4. Bölüm

6.7K 393 113
                                    


Merhaba biz geldiiiikkk. Nasılsınız? Umarım iyisinizdir. Sizi daha fazla tutmadan şöyle bölüme alayım öyleyse ;))

.....

Anne.

4 harf, tek kelime ve bir insan. Bir gün gitse bile nasıl içinizde yaşıyor biliyor musunuz? Sanki hayattayken bile öyle yaşamamış gibi, dünyanın en güzel yerine saklamış ve onu orda ona zarar veren herkesten koruyabiliyormuşsunuz gibi. Hissediyorsunuz, artık gerçekten mutluymuş gibi. Gerçekten.

Biliyordum. O da kanamıştı. Belki de hâlâ kanıyordu. Böyle bir yara sonsuza dek kapanamazdı ki zaten. Sadece bir süre tutabileceği kadar yara bandı kullanılırdı. Yara bandı kan içinde kalıp düşene dek.  

Yusuf'a ne söyleyeceğimi bilemediğimde bunun farkına varmış olacak ki tekrar birbirimize iyi geceler dileyerek odalarımıza geçmiştik. Yarım saatten uzun süredir tavanı izliyor ve düşünüyordum.

Artık bu kadar sık teşekkür etmemelisin.

Etmemeliyim. İnsanların yarasını biliyorken orayı oymamalıyım. Nasıl bir şey olduğunu biliyorken yapmamalıyım. Peki tekrar teşekkür edecek bir duruma düştüğümde ne diyeceğim?

Hiçbir şey.

Evet, hiçbir şey. Hem dün gece tam edecekken susturmuştu beni, anlamıştı.  Acaba yine anlar mıydı?

Peki o annesizlikle nasıl baş edebilmişti?
Baş edebilmiş miydi? Onun da canı çok yanmış mıydı? Ona da annesizlik dünyanın en ağır şeyiymiş gibi gelmiş miydi?

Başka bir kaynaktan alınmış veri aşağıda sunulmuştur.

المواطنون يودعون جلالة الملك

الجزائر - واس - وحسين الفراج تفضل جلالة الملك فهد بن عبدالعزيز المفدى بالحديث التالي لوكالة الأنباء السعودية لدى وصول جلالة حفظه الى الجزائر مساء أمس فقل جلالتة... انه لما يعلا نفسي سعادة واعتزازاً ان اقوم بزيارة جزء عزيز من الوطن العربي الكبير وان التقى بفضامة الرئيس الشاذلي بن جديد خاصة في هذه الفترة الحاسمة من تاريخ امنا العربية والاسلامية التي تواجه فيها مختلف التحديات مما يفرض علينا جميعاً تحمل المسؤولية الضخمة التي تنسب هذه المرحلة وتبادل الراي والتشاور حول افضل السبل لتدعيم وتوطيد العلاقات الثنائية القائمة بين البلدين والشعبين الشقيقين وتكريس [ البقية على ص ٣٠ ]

Peki babası? O neredeydi? Onunla arası nasıldı? Benim ki kadar kötü bir durumda olmamasını dileyerek elimi saçlarımın arasına daldırırken derin bir nefes verdim. Başımı yastığa daha da gömerken, yanımda ki kardeşime sıkıca sarılıp bütün bu soruları zihnimin bir köşesine süpürdüm çünkü silmem mümkün değilmiş, düşünmemek imkansızmış gibi geliyordu.

🌿

Gece uyku tutmamış az da olsa bir yarım saat gözlerim kaymıştı. Onun dışında yatakta dönüp durmuş ve zihnimi susturmaya çalıştırmıştım fakat pek de başarılı olduğum söylenemezdi. Yedi gibi uyandığımda henüz kimse kalkmamışken duşumu hızlıca almış ve odaya geri dönmüştüm.

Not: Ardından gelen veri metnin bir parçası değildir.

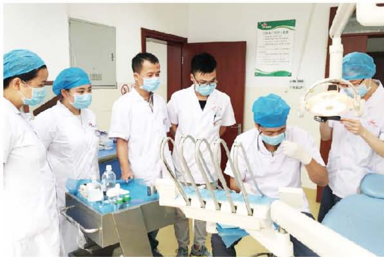
(南京医科大学附属口腔医院 顾卫平 供稿 责任校对 章佺)

小结：通过 2 周的帮扶，通过持续不断的培训和实操训练，对当地口腔卫生保健水平有了较为客观的认识和了解，在以当地现有的设备和条件基础上开展了针对性的训练，提高了医生的临床思维和临床实践能力，让他们在现有基础上提高了规范性、拓宽了思路，也增加了可以开展的新项目，如纤维桩、贴面、间接核桩，一体化冠等，让医生的临床诊疗水平真正得到提高，造福当地百姓，为提高西部的口腔卫生保健水平，为健康中国贡献了自己的绵薄之力。

Yavaş yavaş üzerimi giydiğimde aşağıdan gelen sesleri duyabiliyordum. Muhtemelen Sakine abla kahvaltı hazırlıyordu. Yatakta uyumaya devam eden kardeşime bakındığımda sanki günlerdir uyumamış gibi kendini uykuya kaptırmıştı. Saçlarının üzerine minik bir öpücük kondurup, havluyla üstünkörü kuruladığım dalgalı saçlarımı boğazlı elbisemin üzerine saldım ve telefonumu da komidinin üzerinden alarak aşağıya adımladım.

Oturma salonuna bakındığımda kimseler yoktu. Mutfağa, Sakine ablayı görmek için girdiğimdeyse yine aynı manzarayla karşılaşmıştım. Ama sesler duymuştum, emindim buradan geliyordu. Fadime sultanın sesi kulaklarıma dolarken dışarıya doğru yöneldim. Kapıyı açıp etrafa bakındığımda yine o bilindik manzarayla karşılaştım.

Elinde beyaz bir kabın sapını tutmuş, dikkatle gelen Sakine ablayı görene kadar öylece durup bakınmaya devam etmiştim. Ayağında ki çiçekli kara lastikleri çıkarıp mutfağa adımlarken peşine takıldım. 

"Günaydın Sakine abla."

Beyaz kabı tezgahın üzerine koyduktan sonra nefessiz bir şekilde yanda ki sandalyeye oturdu.

"Bizden geçti habu işler. Göriy misın iki adımlık yol yürudum da götümden nefes aliyrım."

Gülerek yanında ki sandalyeye yerleştim.